O Professor explicou que havia, no preâmbulo do AGP, início de uma ética reconciliatória no qual chamava-se atenção para se evitar que as partes continuassem a chamar de bandidos armados os homens da Renamo e comunistas os membros da Frelimo. Tratava-se de um preâmbulo ético-valoroso que não conseguimos dar continuidade. Formamos um Parlamento multipartidário, mas que continua um pouco com a caça às bruxas.
“A história serve-se fria”
Infelizmente “a história serve-se fria”, como dizia o Professor Jorge Ferrão, Reitor da UP- Maputo há dias, e a nossa ainda está muito quente para procurarmos saber quem matou e quem não matou.
De acordo com o Professor Castiano, vasculhar a história com pressa pode levar o país de novo à guerra, se não forem criadas condições institucionais de diálogo permanente, baseado numa perspectiva de Moçambique que todos almejam a partir de hoje.
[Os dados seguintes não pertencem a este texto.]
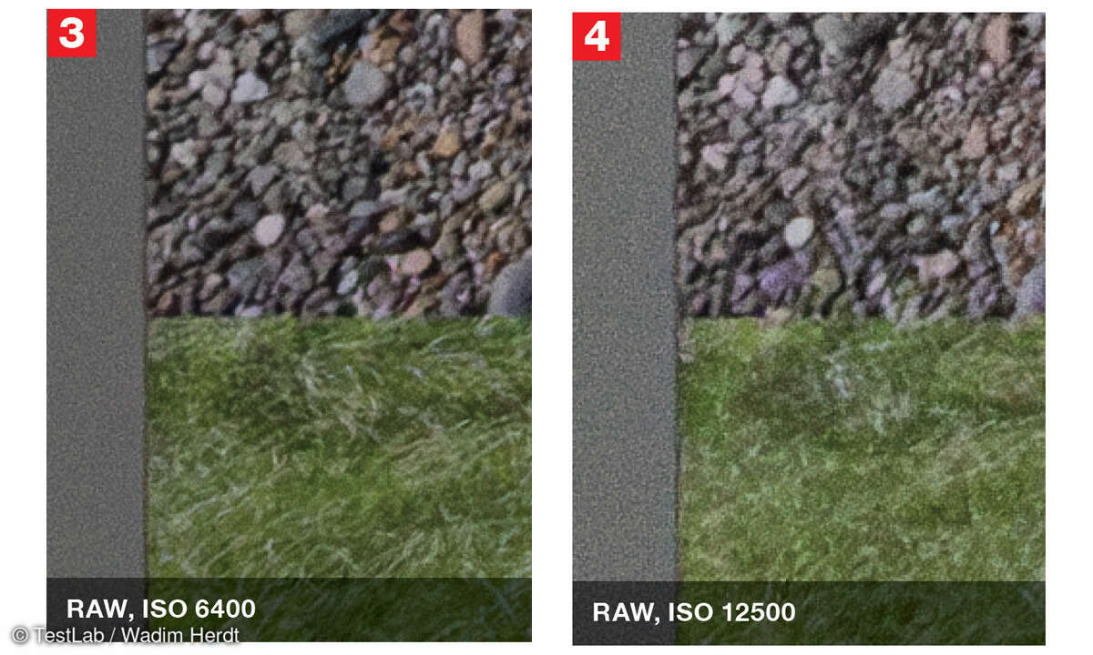 Das RAW-Format liefert bei gleicher Empfindlichkeit weit bessere Bildqualität (2). Bei ISO 6400 (3) ist die RAW-Aufnahme detailärmer, aber immer noch dem ISO-3200-JPEG eindeutig überlegen. Auch bei ISO 12500 liegt der Vorteil auf RAW-Seite (4), wenn auch nun die Unterschiede kleiner werden. Das feinkörnigere RAW-Rauschen bei ISO 12500 (4) ist visuell oft wenig störend.

Lembrou que os países que tentaram fazer isso, a África do Sul, por exemplo, com a Comissão de Reconciliação e Verdade, caíram num debate de culpabilização, já que a história ainda estava muito quente. Talvez para a África do Sul esse modelo fosse muito bom, porque as atrocidades do “Apartheid” ainda estavam presentes. “Para o nosso caso, sou da opinião que se deve deixar o tempo passar e um dia podemos procurar organizar a história para a nossa consciência e a verdade. Lancei uma proposta no livro, na qual defendo que temos que ter uma comissão parlamentar que chamei de “Reconciliação e Futuro” e não “Reconciliação e Verdade”, disse.
Defendeu que chamou de “Reconciliação e Futuro” porque o que falta como sociedade é um projecto comum, um projecto moçambicano, “não me refiro ao dos anos fervorosos da Revolução”.
Segundo José Castiano, a missão dessa comissão seria uma instância ética para que o Parlamento, como espelho de debates, não permitisse insultos entre os seus membros, mas que discutissem em função de um futuro comum. Tivemos aqui tentativas de criar nossos modelos de reconciliação. O primeiro foi com Samora Machel, o primeiro Presidente de Moçambique independente, quando foram perdoados os “comprometidos”, indivíduos que de um modo ou de outro pertenceram ao sistema repressivo colonial. No final de uma série de sessões realizadas na Escola Secundária Josina Machel, na cidade de Maputo, Samora afirmou que “agora já não há PIDE, já não há ‘comprometidos’, somos todos moçambicanos”.
Disse que o segundo modelo de reconciliação foi do Presidente Joaquim Chissano, quando convocou religiosos, intelectuais, representantes de partidos políticos, incluindo a Renamo, académicos e a sociedade civil sobre a Agenda 2025, uma ideia de que, no lugar de estarmos a discutir o passado, vamos debater os aspectos de interesse comum dos moçambicanos. A discussão foi a todas as províncias e nasceu um documento de amplo consenso nacional, com linhas fundamentais para o que deveria guiar o país, independentemente dos governos do dia. Mas porque não foi obrigação dos executivos que se seguiram, assumir esta agenda como guia-mestre da sua acção governativa. Porque, apesar de ter sido carimbado no Parlamento, não houve uma força na própria Assembleia que pudesse ter a missão, a que chamo de ‘missão de futuro’, de recordar sempre os membros do governo da existência de uma agenda comum, uma plataforma de consenso nacional. Eu considero que isto está entre as várias causas que levaram ao retorno de conflitos armados em Moçambique.